*Records*.
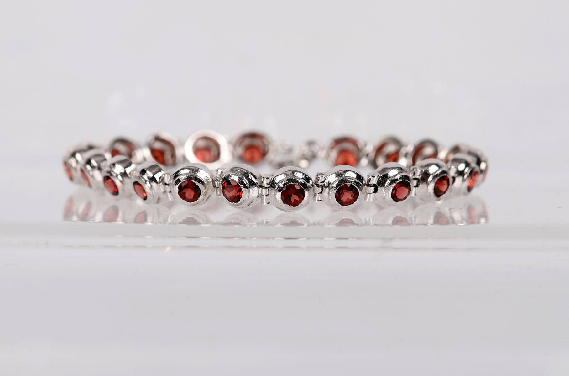 A silver bracelet set with a continuous line of round-cut garnets in rub-over settings, with secure clasp.
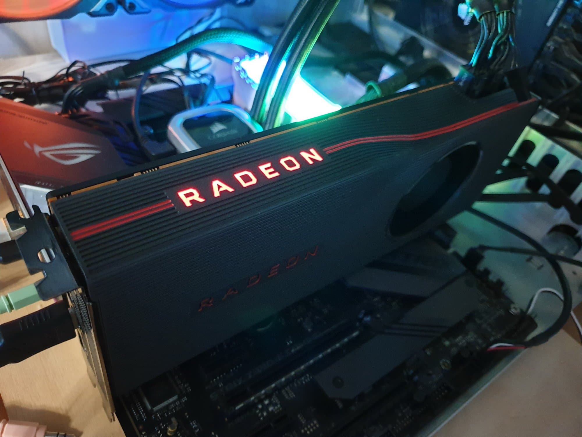 Подсветка имеется только у RX 5700 XT: очень скромная, не регулируется и представляет собой лишь слово Radeon на торце карты.
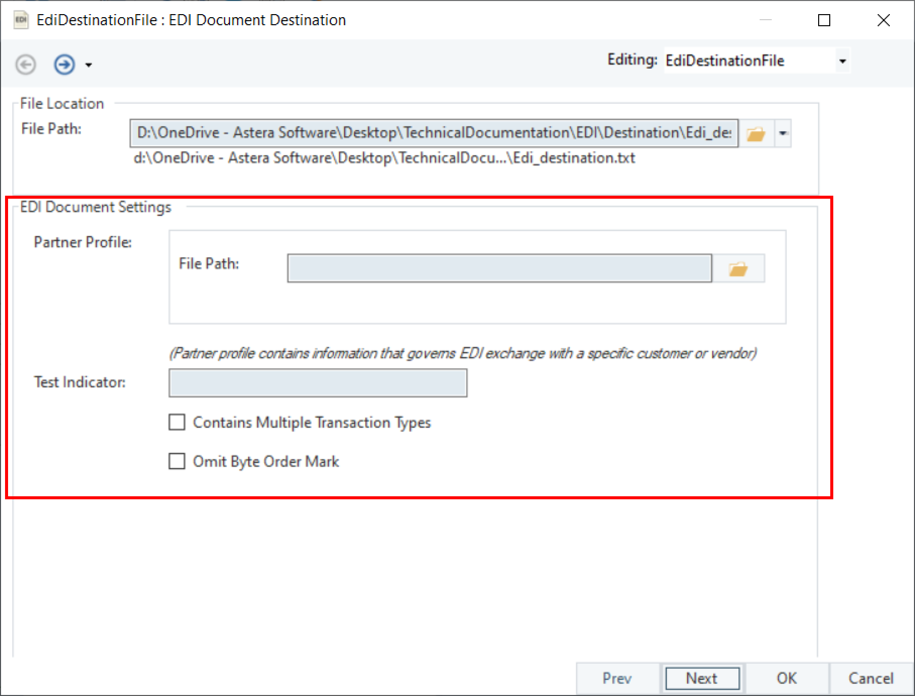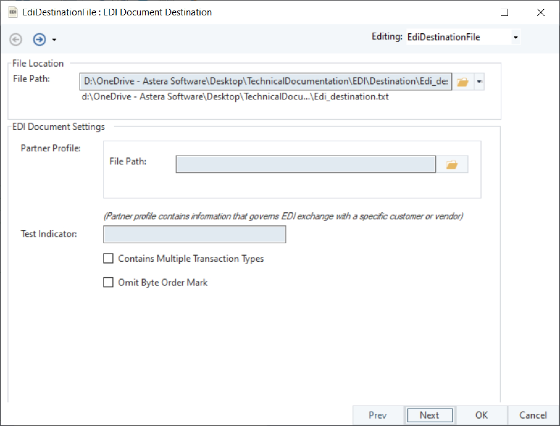 Omit Byte Order Mark – If selected, this indicates that the destination file must exclude the byte order mark from the beginning of the EDI message.
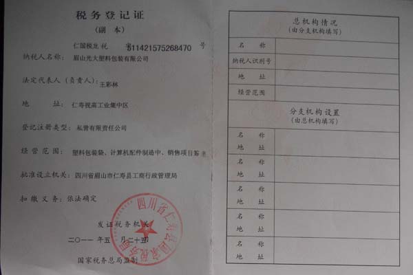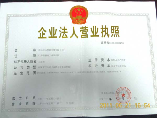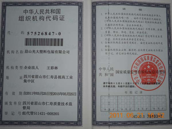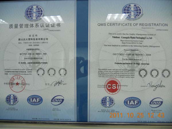 眉山光大塑料包裝有限公司通過了ISO9001和SO14001質量體系認證
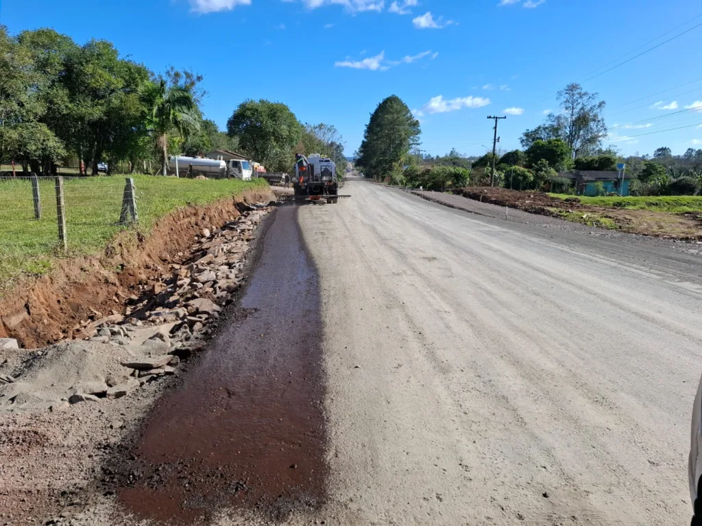 A semana começa com trabalhos de imprimação em mais um trecho na estrada de Linha Hansel em preparação ao recebimento da camada de asfalto. Por conta disso, o local está com trânsito em meia pista e a atenção de motoristas preciosa ser redobrada. A camada de imprimação e asfalto avança por cerca de mais dois quilômetros na via e a previsão é de que os trabalhos sejam executados durante toda a semana.
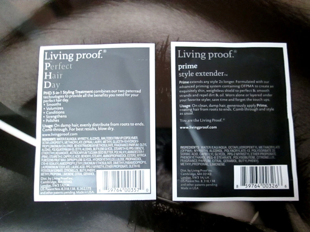 TWO PIECE SAMPLE LOT LIVING PROOF PRODUCTS! HERE IS WHAT YOU GET... ~ PRIME STYLE EXTENDER (LOCKS IN YOUR STYLE LONGER) WEIGHTLESS PERFECTING, WEATHER PROOFING, TIME SAVING HAIR PRIMER! 10mL 0.33 FL OZ SAMPLE PACKET ~ PERFECT HAIR DAY (5 IN 1 STYLING TREATMENT) STYLING CREAM 10mL 0.33 FL OZ SAMPLE PACKET IT'S A GREAT WAY TO TRY TWO PRODUCTS FROM THIS LINE WITHOUT BUYING THE FULL SIZE PACKAGE!
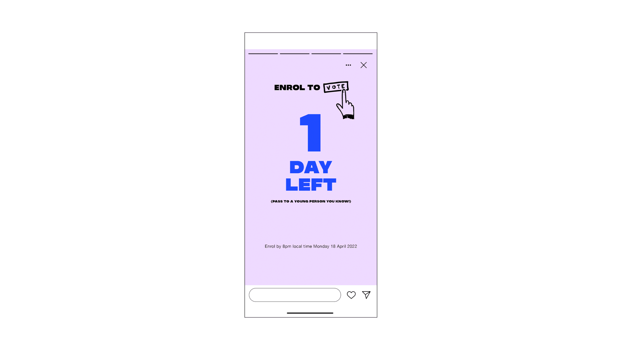 I designed a series of social posts and stories for the Enrol to Vote campaign, creating clear, engaging countdown visuals that encouraged participation and built momentum in the lead-up to the deadline.
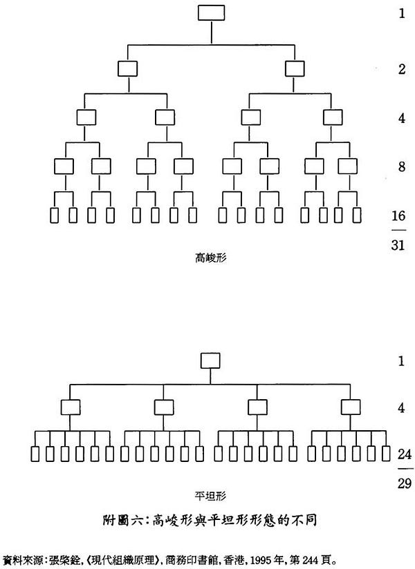 - 在這個「科層組織」裡,只有最底下那 128 位員工在工作,上面 127 名主管每天主要工作是開會,而有這麼多會議是因為主管太多想法分歧要好好讓對方陣營聽我的。
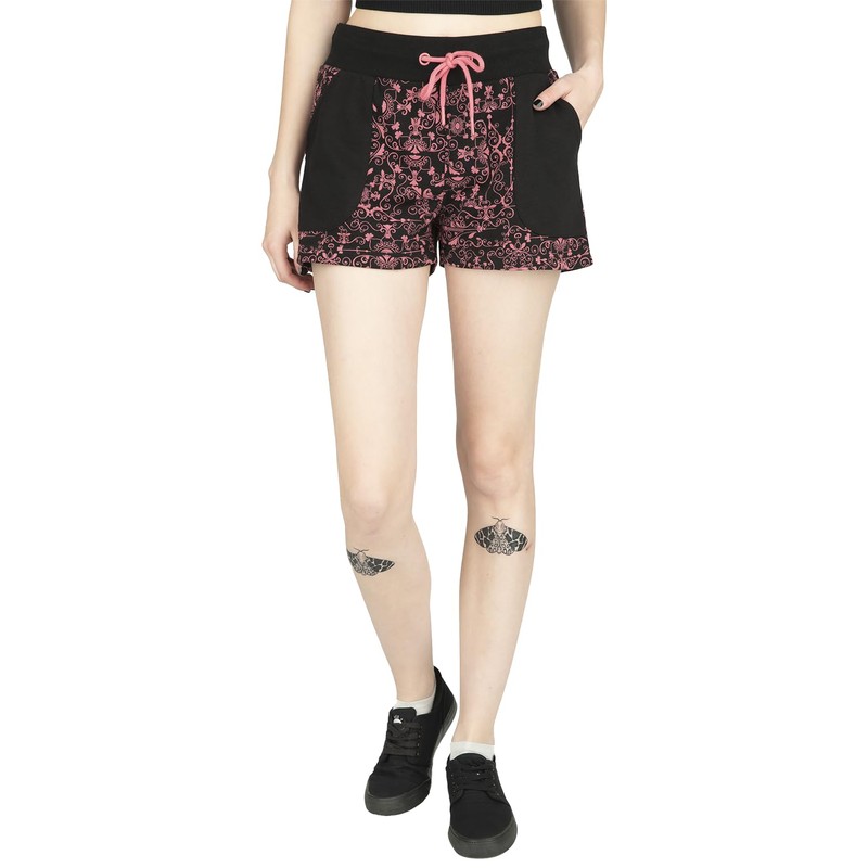 RED by EMP Women's Black/Pink Shorts with Pattern, black
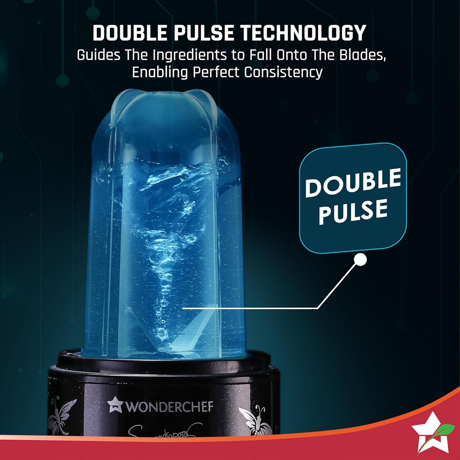 - DOUBLE PULSE TECHNOLOGY: Once the mixer starts, it stops twice for 2 seconds after every 4 seconds. This feature of very sophisticated blenders allows the contents to settle down and fall back on the blades for perfect blending rather than sticking on the sides.
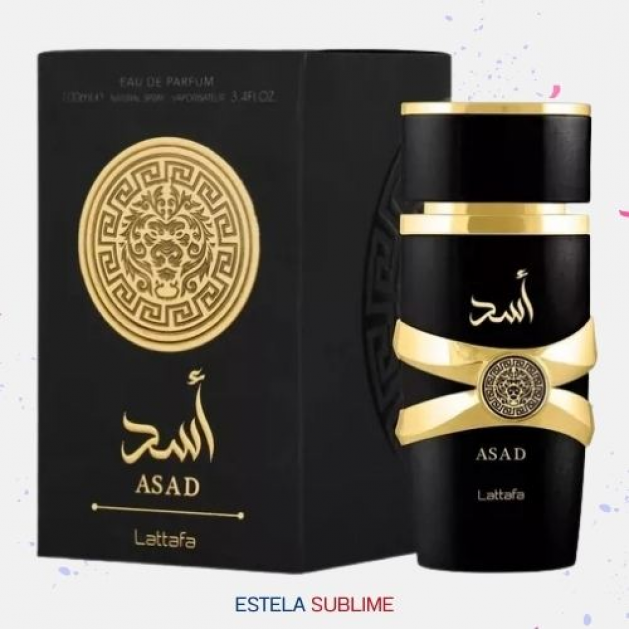 ASAD DE LATTAFA PERFUMES ES UNA FRAGANCIA DE LA FAMILIA OLFATIVA ORIENTAL PARA HOMBRES. ASAD SE LANZÓ EN 2021. LAS NOTAS DE SALIDA SON PIMIENTA NEGRA, TABACO Y PIÑA; LAS NOTAS DE CORAZÓN SON PACHULÍ, CAFÉ Y IRIS; LAS NOTAS DE FONDO SON VAINILLA, ÁMBAR, MADERA SECA, BENJUÍ Y LÁDANO.
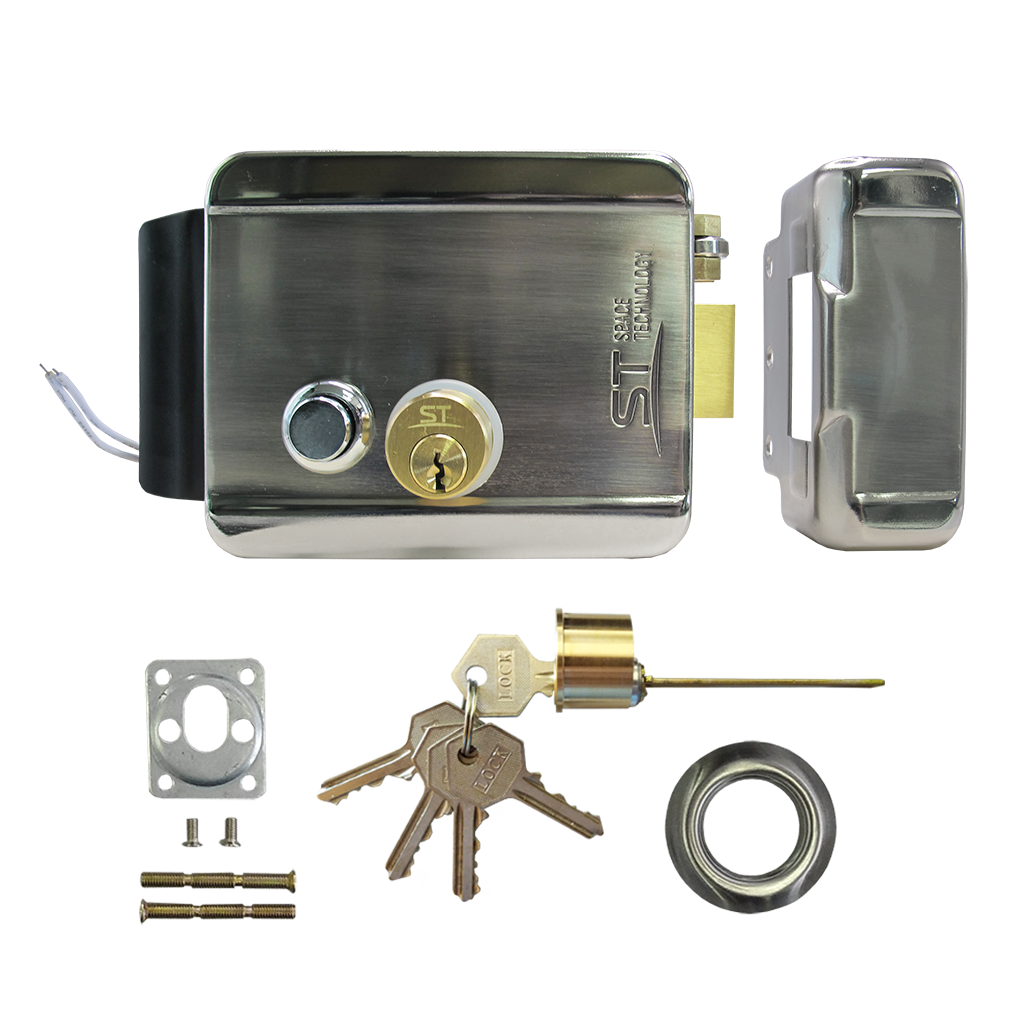 - Комплектация Замок электромеханический,ответная планка,цилиндровый механизм,установочный комплект,резиновая накладка на ручку замка,ключи-5 шт.,паспорт, упаковочная коробка

*Task description*. Nothing but the lines from the top of the data above through the line containing "眉山光大塑料包裝有限公司通過了ISO9001和SO14001質量體系認證" should be output, exactly as written and without the pictures.

*Exercise output*.
 A silver bracelet set with a continuous line of round-cut garnets in rub-over settings, with secure clasp.
 Подсветка имеется только у RX 5700 XT: очень скромная, не регулируется и представляет собой лишь слово Radeon на торце карты.
 Omit Byte Order Mark – If selected, this indicates that the destination file must exclude the byte order mark from the beginning of the EDI message.
 眉山光大塑料包裝有限公司通過了ISO9001和SO14001質量體系認證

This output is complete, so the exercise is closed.